● **ASSIGNMENT**
Your copy should hold every record verbatim and none of the pictures.

━━━ SOURCE DATA

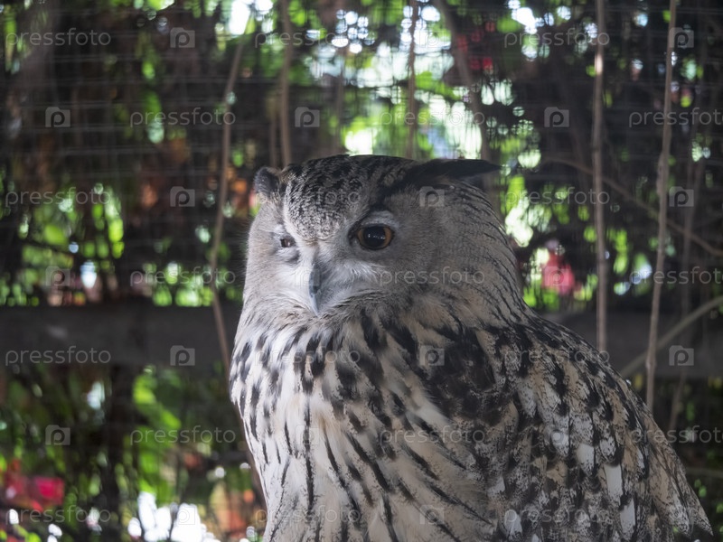 Филин сидит и смотрит на фоне листьев деревьев
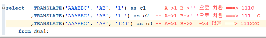 9) TRANSLATE( char, from_String, to_String) : char와 일치하는 from_String문자를 대응하는 위치의 to_String문자로 변환한다. from_String 문자와 일치하지 않는 문자는 변환하지 않는다.
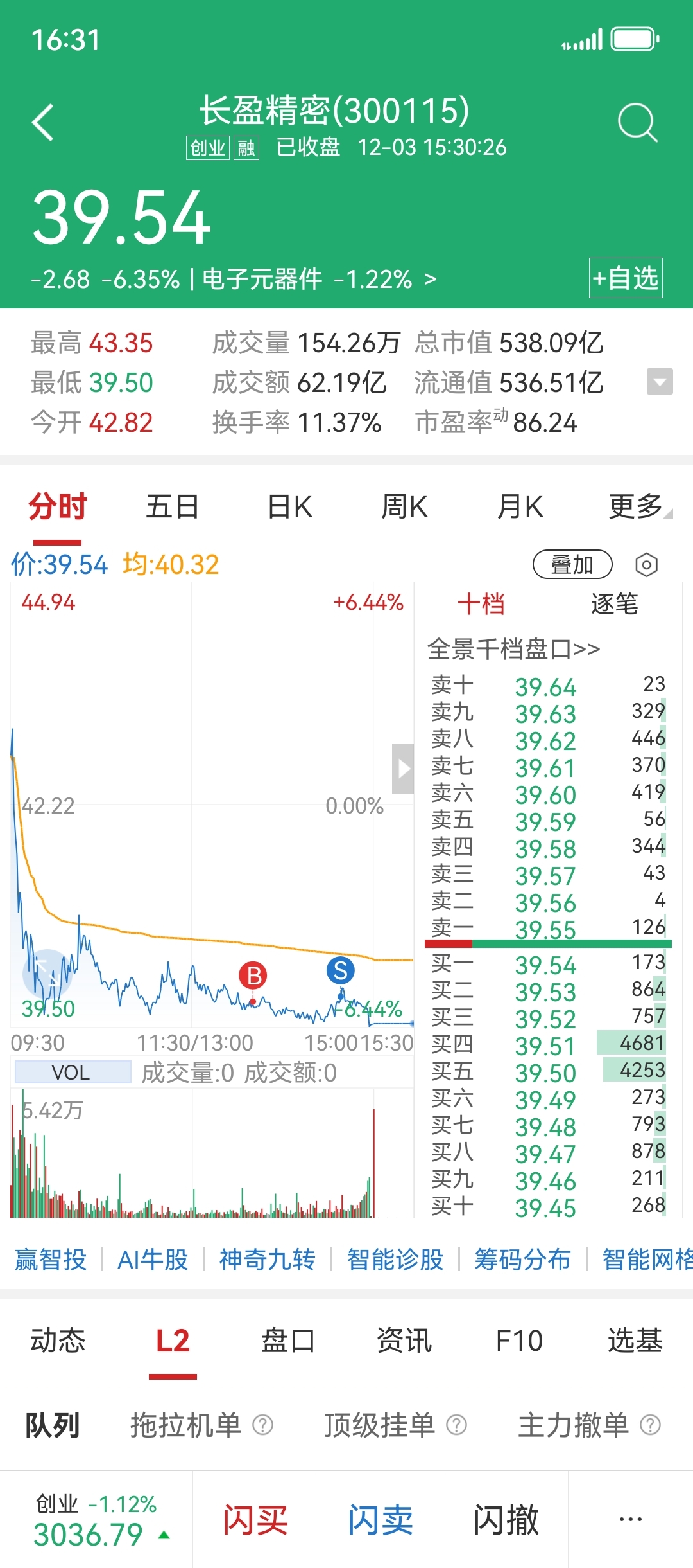 $长盈精密(SZ300115)$ 下午39.70元加仓,都没给两个点的空间来T,尾盘微利40元T出来了。不然又得套住没商量。
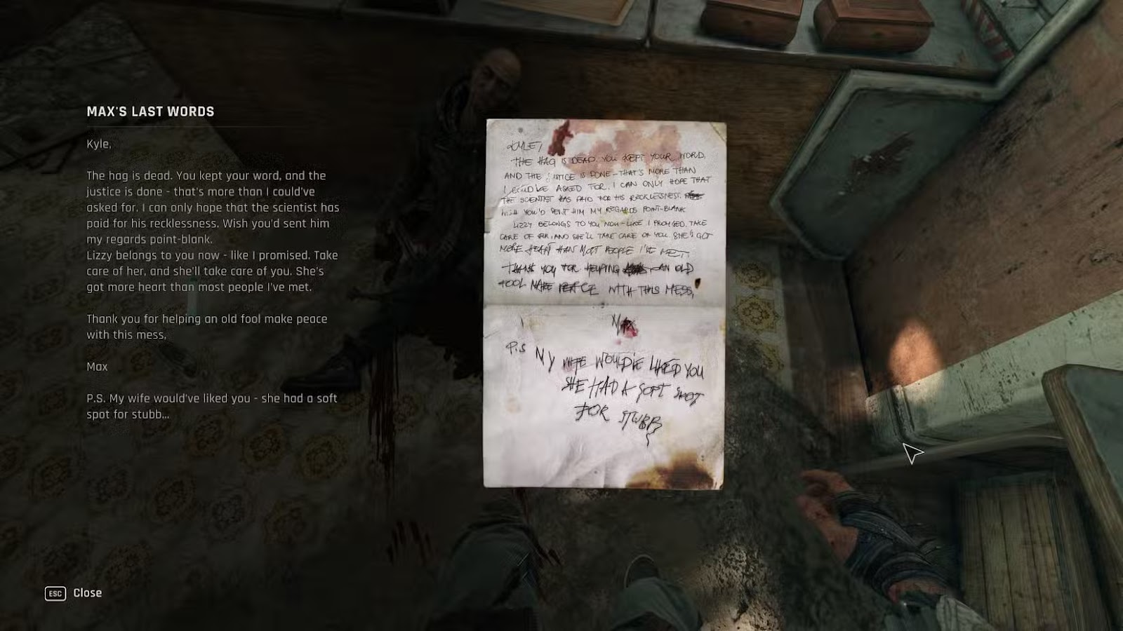 Важно: этот выбор не влияет на финальные награды квеста. Какой бы путь вы ни выбрали, вернитесь в безопасную зону «Заброшенный дом». Там вы найдете мертвого Макса и записку с его последними словами. Он благодарит Крейна за охоту на Ягу и пишет, что его жена была бы рада познакомиться с ним.
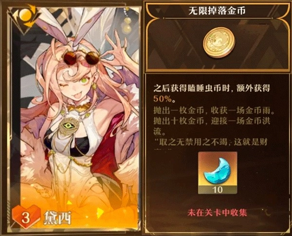 【无限掉落金币】:个人强烈推荐,尤其【暴富之梦黛西】还有个回响是根据瞌睡虫币提升伤害的,即使不点这个回响,也是大赚。

━━━━━━

● **REPLY**
 Филин сидит и смотрит на фоне листьев деревьев
 9) TRANSLATE( char, from_String, to_String) : char와 일치하는 from_String문자를 대응하는 위치의 to_String문자로 변환한다. from_String 문자와 일치하지 않는 문자는 변환하지 않는다.
 $长盈精密(SZ300115)$ 下午39.70元加仓,都没给两个点的空间来T,尾盘微利40元T出来了。不然又得套住没商量。
 Важно: этот выбор не влияет на финальные награды квеста. Какой бы путь вы ни выбрали, вернитесь в безопасную зону «Заброшенный дом». Там вы найдете мертвого Макса и записку с его последними словами. Он благодарит Крейна за охоту на Ягу и пишет, что его жена была бы рада познакомиться с ним.
 【无限掉落金币】:个人强烈推荐,尤其【暴富之梦黛西】还有个回响是根据瞌睡虫币提升伤害的,即使不点这个回响,也是大赚。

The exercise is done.